Insights into permission-based mobile advertising
A technology that involves users signing up to receive marketing messages from local businesses is likely to reach our shores soon, according to VBS researcher Dr James Richard.
You're walking down Courtenay Place and your phone beeps as you approach your favourite bar: 'Two for one drinks for one hour only', the message reads.
This could be our future, according to researchers Dr James Richard, PhD Director – Marketing at Victoria’s School of Marketing and International Business and then postgraduate student Paul Meuli.
A technology that is gaining popularity in Europe and North America, permission-based location-aware mobile advertising (PBLAMA), which involves users signing up to receive marketing messages from local businesses, is likely to reach our shores soon, says Dr Richard.
The two researchers surveyed 260 undergraduate students from New Zealand aged between 20 and 24 to find out what would motivate them to sign up, with somewhat surprising results.
Out of the eight influencing factors that survey respondents were asked to rank in order of preference 'entertainment' came out as the number one influencer.
"I expected incentives such as discounts or two for one deals to be at the top, but, while important, it actually was fourth on the list," he says.

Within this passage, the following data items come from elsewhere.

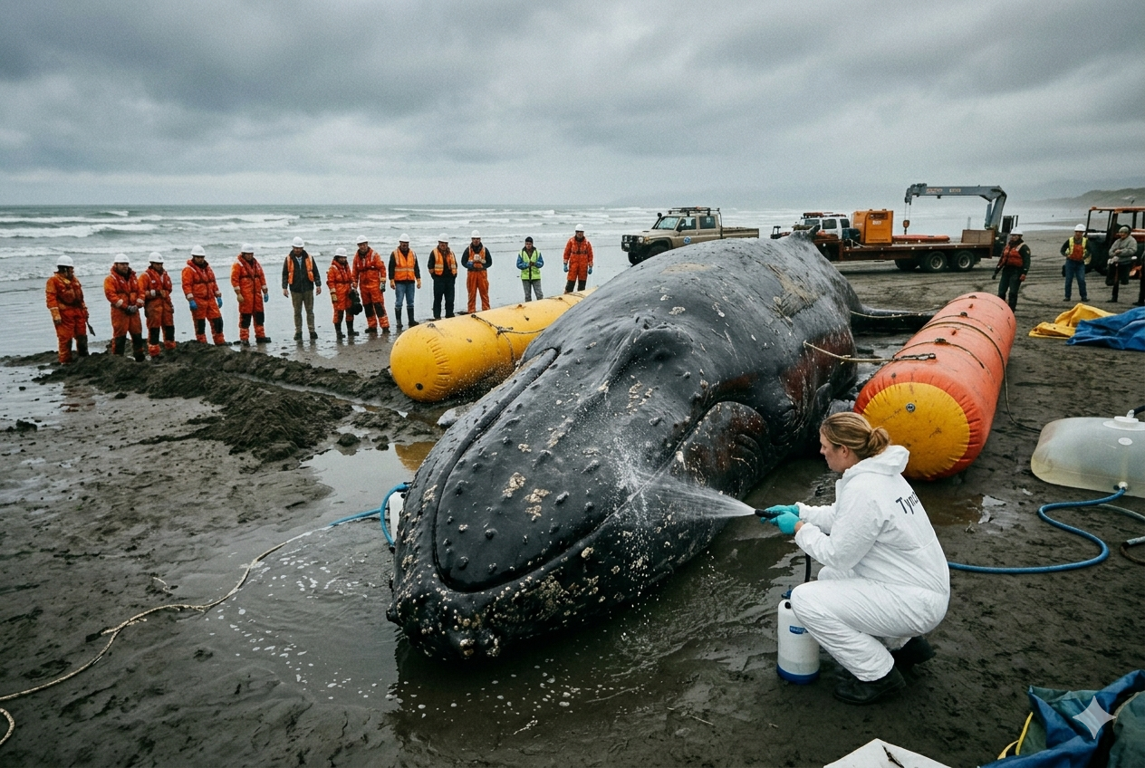 The whale’s immense bulk requires meticulous coordination between the rescuers, and each step of the recovery process is executed with precision. Workers know that the operation could make the difference between life and death for the animal, and they push forward with determination despite the mounting pressure.
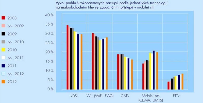 Postupné snižování podílů technologií xDSL a CATV na trhu širokopásmového přístupu k internetu ve prospěch jiných technologií, zejména FTTx a přístupů v mobilních sítích, je v souladu s očekáváním ČTÚ i trendem v jiných zemích Evropské unie, kde také dochází k rozvoji optických sítí a k růstu mobilních přístupů. Trendy vývoje podílu širokopásmových přístupů k internetu podle jednotlivých technologií na maloobchodním trhu mezi roky 2008 až 2012 dokumentuje další graf.
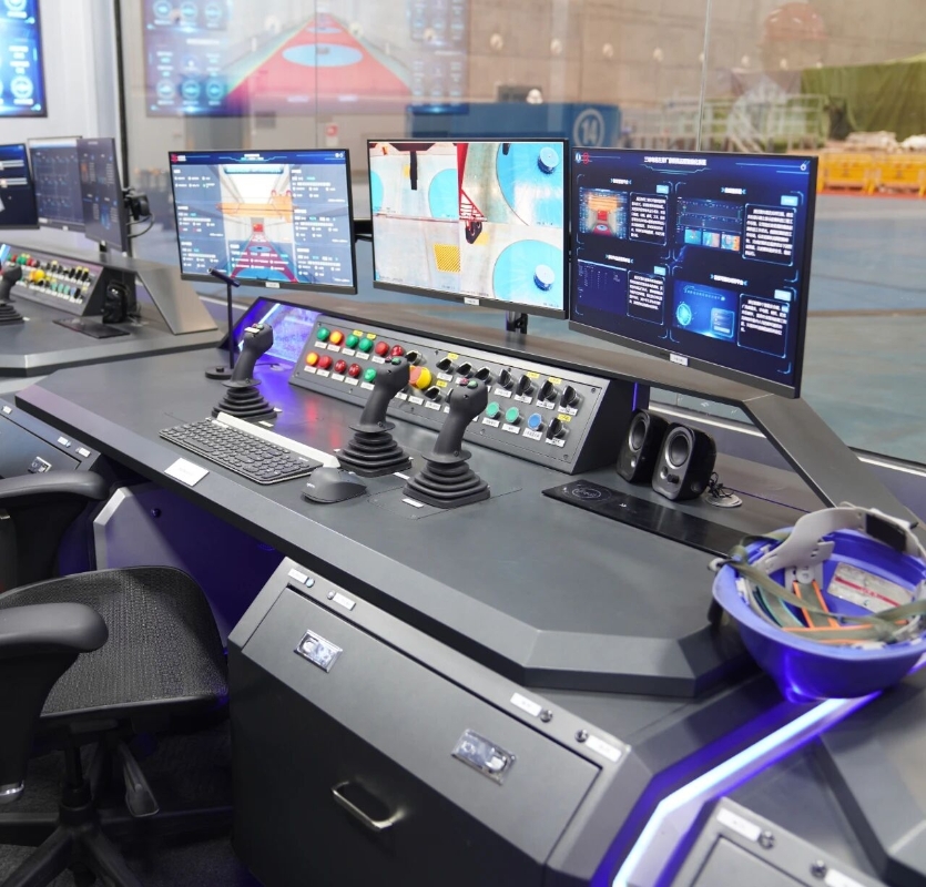 百米开外的远程操作舱内,王蓉正通过3块电子屏幕监控桥机作业,这位有着24年高空操作经验的桥机司机,头一次离开高空驾驶室,来到地面的智能舱进行远程操作。

"Young people felt that if they were going to have ads pop up on their mobile phones they needed to be entertaining. This might include interactivity such as games or fun applications.
"Second, they wanted their friends to think it was cool, so clearly a marketer would need to focus their promotion accordingly.
"Next up, they wanted the message to be informative, so it would be important to ensure that any messages are up-to-date, convenient and accurate."
The research also indicated that the messaging needs to be portrayed as attractive, not only to the individual who is planning to use it, but to the referent people surrounding that individual.
"So if you were to market PBLAMA, any advertising should show more than one person using the technology to show that 'everybody’s doing it'."
Perhaps not surprisingly, irritating' messages featured at the bottom of the list, and Dr Richards expects the research will be useful to any business looking to adopt PBLAMA as a marketing tool to young people.